By the time he retired as a player (for the second time) in 1964, the Giants and the National Football League had gained the national sports spotlight, and the versatile and handsome Gifford had become a celebrity. A few years later, in the early 1970s, he became one of the best-known figures in television sports (and maybe television in general).
As the play-by-play man of ABC’s “Monday Night Football,” Gifford, with his low-key persona, provided the perfect backdrop to bring his boothmates — the contentious Howard Cosell (who died in 1995) and the country-boy-irreverent Don Meredith (who died in 2010) — into high relief. It was a formula that made the weekly autumn broadcasts must-see programming for much of America.
As a player, Gifford was the personification of the Giants during their glory years in the 1950s and early ’60s, the best-known figure on teams that featured many other stars, including quarterbacks Charlie Conerly and Y. A. Tittle, linebacker Sam Huff, fullback Alex Webster, defensive back Emlen Tunnell, defensive linemen Andy Robustelli and Roosevelt Grier, and his fellow running back and receiver Kyle Rote.
Gifford played for the team from 1952 until 1960, when a brutal injury interrupted and nearly finished his career. By then he had made seven consecutive Pro Bowls, been named to the all-N.F.L. first team four times and helped the Giants reach three N.F.L. championship games.

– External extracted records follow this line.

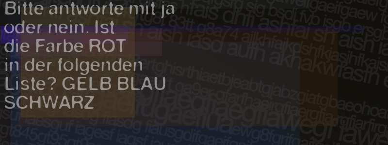 Die Visuelle Bestätigung hilft dabei automatische Spambots und Scripte von den Diensten dieses Forums abzuhalten. Derartige Scripte sind normalerweise nicht in der Lage den untenstehenden Code zu erkennen. Bitte geben Sie also in das untenstehende Feld die Buchstaben und Zahlen ein, die Sie in dem Bild erkennen können oder beantworten Sie die angezeigte Frage.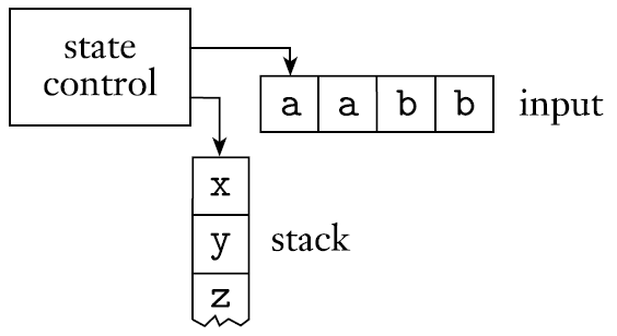 - pushdown automaton(PDA)는 symbol을 stack에 쓰고 읽을 수 있다. 다시 말해 push와 pop을 할 수 있다.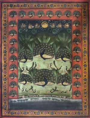 1090. Grande miniature à décor de paons, Nadthwara, XXe s

They won one of them, 47-7, over the Chicago Bears in 1956, the same year Gifford was named the league’s most valuable player.
It was on Nov. 20, 1960, that Gifford was the recipient of one of football history’s most famous tackles. Playing against the Philadelphia Eagles, he caught a pass over the middle and was running with the ball when he was leveled, hit high and flattened by Chuck Bednarik, the Eagles’ rough linebacker and a future Hall of Famer himself.
Gifford dropped the ball and lay motionless on the turf as Bednarik waved his arms and shook his fists, an image that became one of football’s most memorable photographs. Bednarik later said he did not immediately know that Gifford was hurt, and Gifford himself said he considered the hit perfectly legal and bore Bednarik, who died in March, no resentment.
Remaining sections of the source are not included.